Many believe that the famous film “The Exploit of a Scout” directed by Boris Barnet tells about the fate of Nikolai Kuznetsov. In fact, the idea for the film arose even before the hero began working under the name Rudolf Schmidt. The script of the film was modified many times, some facts were indeed a narration of the events of his service, for example, the episode with the kidnapping of Kühn was written from a similar kidnapping of General Ilgen by Kuznetsov. And yet, most of the film’s plots were based on the collective image of war heroes; the film reflected facts from the biographies of other intelligence officers. Subsequently, the Sverdlovsk Film Studio produced two feature films directly about Nikolai Kuznetsov: “Strong in Spirit” (in 1967) and “Special Forces Detachment” (in 1987), but they did not gain such popularity as “The Feat of a Scout” .

Illegal intelligence officer of the USSR No. 1

When specialists in the history of Soviet intelligence services or retired agents are asked to name the most highly professional illegal intelligence officer, almost everyone names Nikolai Kuznetsov. Without at all questioning their competence, let us ask the question: where does such unanimity come from?
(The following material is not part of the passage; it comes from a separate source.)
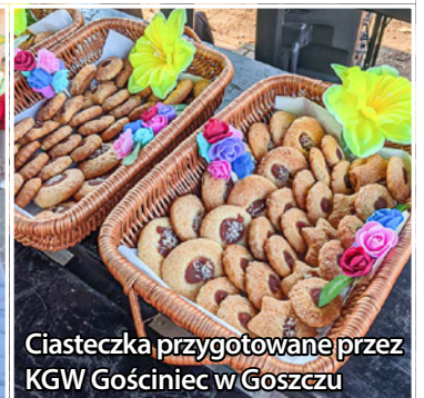
Ciasteczka przygotowane przez KGW Gościniec w Goszczu
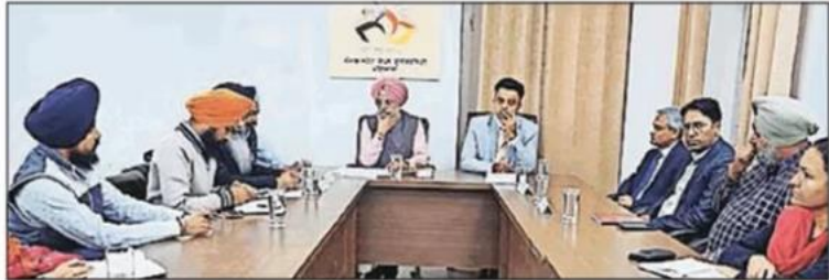
ਨੈਸ਼ਨਲ ਸਕਿੱਲ ਡਿਵੈਲਪਮੈਂਟ ਸੈਸ਼ਨ ਦਾ ਦ੍ਰਿਸ਼।

Who is an illegal intelligence officer?

The recruited agent lives in a country familiar to him from childhood. His documents are genuine, he does not need to strain to remember certain moments of his biography. An abandoned illegal intelligence officer is another matter. He lives in a country foreign to him, whose language is rarely his native language; everyone around him recognizes him as a stranger. Therefore, an illegal immigrant always pretends to be a foreigner. A stranger can be forgiven a lot: he can speak with an accent, not know local customs, and get confused in geography. The intelligence officer sent to Germany pretends to be a Baltic German, the agent working in Brazil is, according to legend, a Hungarian, the intelligence officer living in New York is, according to documents, a Dane.
There is no greater danger for an illegal immigrant than meeting a “compatriot.” The slightest inaccuracy can be fatal. Suspicion will be aroused by pronunciation that does not correspond to the legend (as natives of Lvov and Kharkov speak the same Ukrainian language completely differently), an error in gesture (Germans, when ordering three glasses of beer, usually throw out their middle, index and thumb), ignorance of the national subculture (during the Ardennes operations 1944-1945 Americans split Skorzeny’s saboteurs with the question “Who is Tarzan?”).
It is simply impossible to predict all the subtleties of the legend: not a single reference book will write that Gretel, one of the many university laboratory assistants, is a local celebrity, and it is simply impossible not to know her. Therefore, every extra hour spent in the company of a “countryman” increases the risk of failure.

One among strangers

Nikolai Kuznetsov, communicating with the Germans, pretended to be a German. From October 1942 to the spring of 1944, almost 16 months, he was in Rivne, occupied by the Nazis, moving in the same circle, constantly expanding the number of contacts. Kuznetsov didn’t just pretend to be a German, he became one, he even forced himself to think in German. The SD and the Gestapo became interested in Siebert only after evidence emerged that the chief lieutenant was related to a series of terrorist attacks carried out in Rivne and Lvov. But Paul Siebert, as a German, never aroused suspicion among anyone. Fluency in the language, knowledge of German culture, customs, behavior - everything was impeccable.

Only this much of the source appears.